The league, whose investors have been working for months to create it, will be called the United States Football League and will have franchises representing several leading cities, including New York.
''Our league believes that the sports fan in the United States wants to see more than the current 16-game professional football season,'' Peter B. Spivak, a former Michigan judge who is the league's acting chairman and co-owner of the Detroit franchise, said at a news conference at the ''21'' Club. ''After all, his favorite baseball team plays a 162-game schedule, and the basketball season runs 82 games.''
Spivak was vague in responding to several questions as to how his group could gain credibility and strength in an era when the efforts of other fledgling sports leagues, such as the World Football League, had ended in failure. But he said that the undertaking was backed by sufficient cash.
''Owners have pledged to commit over $100 million in capital over the next two years,'' he said, ''to insure the success of this venture, whose headquarters will be in New York.''
Among the owners are: David F. Dixon, the league's founder, who formerly was chief executive of the Louisiana Superdome in New Orleans and who, with Lamar Hunt, was co-founder of World Championship Tennis; John F. Bassett, head of a movie company in Toronto and former chief executive of the Memphis franchise in the W.F.L. and the Toronto and Birmingham franchises in the World Hockey Association, which is also defunct, and Randy Vataha, a former player with the New England Patriots and the Green Bay Packers.
The owner of the New York team will be J. Walter Duncan, head of an oil-gas producing company with headquarters in Oklahoma City.
Saban Expresses Interest
Lou Saban, the Yankee president, attended the conference and, in response to reports that he had been offered the job of coach of the Denver franchise, said later that he was interested in having some role with the team.

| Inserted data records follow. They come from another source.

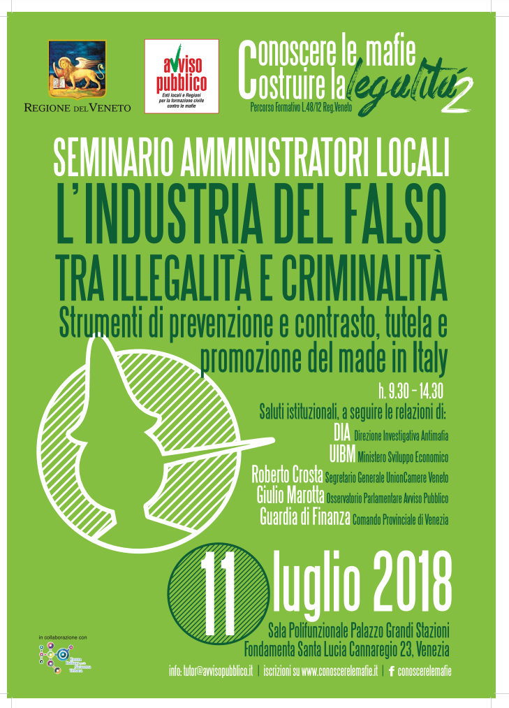 Mercoledì 11 luglio, a Venezia, presso la Sala Polifunzionale Palazzo Grandi Stazioni, Regione Veneto (Fondamenta Santa Lucia Cannaregio, 23), dalle ore 9,30 alle ore 14,30 si svolgerà il Seminario di formazione dal titolo “L’industria del falso tra illegalità e criminalità. Strumenti di prevenzione e contrasto, tutela e promozione del made in Italy” promosso dalla Regione del Veneto, in collaborazione con Avviso Pubblico, nell’ambito del progetto “Conoscere le mafie, costruire la legalità 2”.
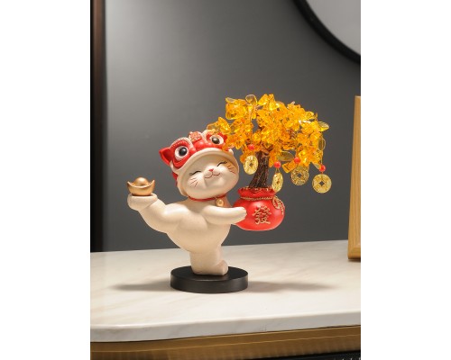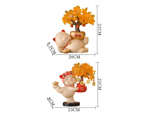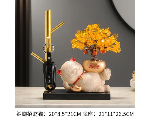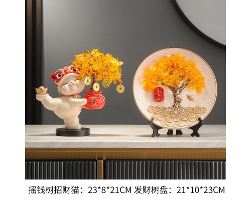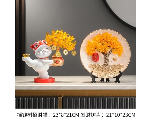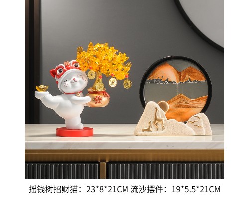 【米色】發財樹招財貓+流沙擺件 (NT1,685)
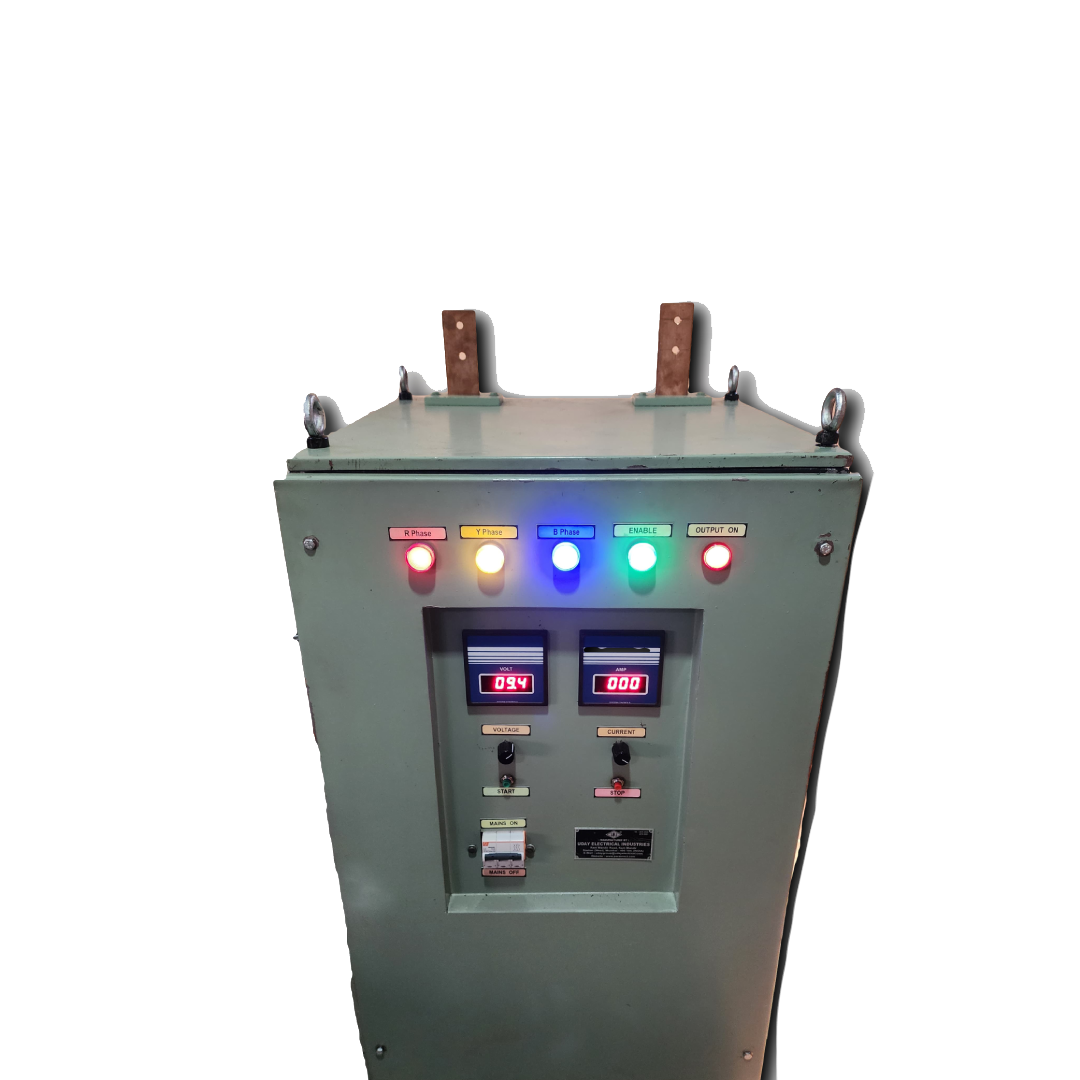 3 phase 415V AC fed into auto variac regulator. Regulated output 0 to 415V AC connected to oil cooled step down transformer with oil immersed diode rectifier at secondary side of transformer.
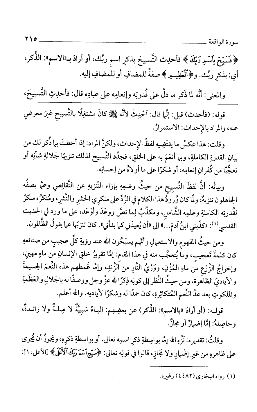 {فَسَبِّحْ بِاسْمِ رَبِّكَ} فأحدث التسبيح بذكر اسم ربك، أو أراد ب"الاسم": الذكر، أي: بذكر ربك. و {العَظِيمِ} صفة للمضاف أو للمضاف إليه.
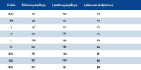 The Translation of the sizing terms on the size chart is as follows (in cm)
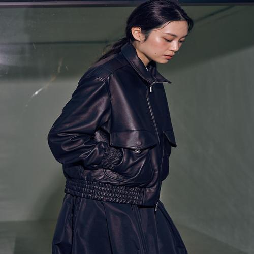 질스튜어트 뉴욕 여성 [EXCLUSIVE] 블랙 단색 램스킨 양가죽 블루종 점퍼 자켓 (JSJU5D778BK)

Though acknowledging that no definite arrangements had been made for stadiums, Spivak listed the cities in which he said the teams would play:
Boston, Harvard Stadium; Birmingham, Legion Field; Chicago, Soldier Field; Denver, Mile High Stadium; Detroit, Tiger Stadium and the Silverdome; Los Angeles, the Coliseum; New York, most likely Giants Stadium; Philadelphia, Franklin Field or Veterans Stadium; San Diego, Jack Murphy Stadium; San Francisco, undetermined; Tampa, Tampa Bay Stadium, and Washington, RFK Stadium.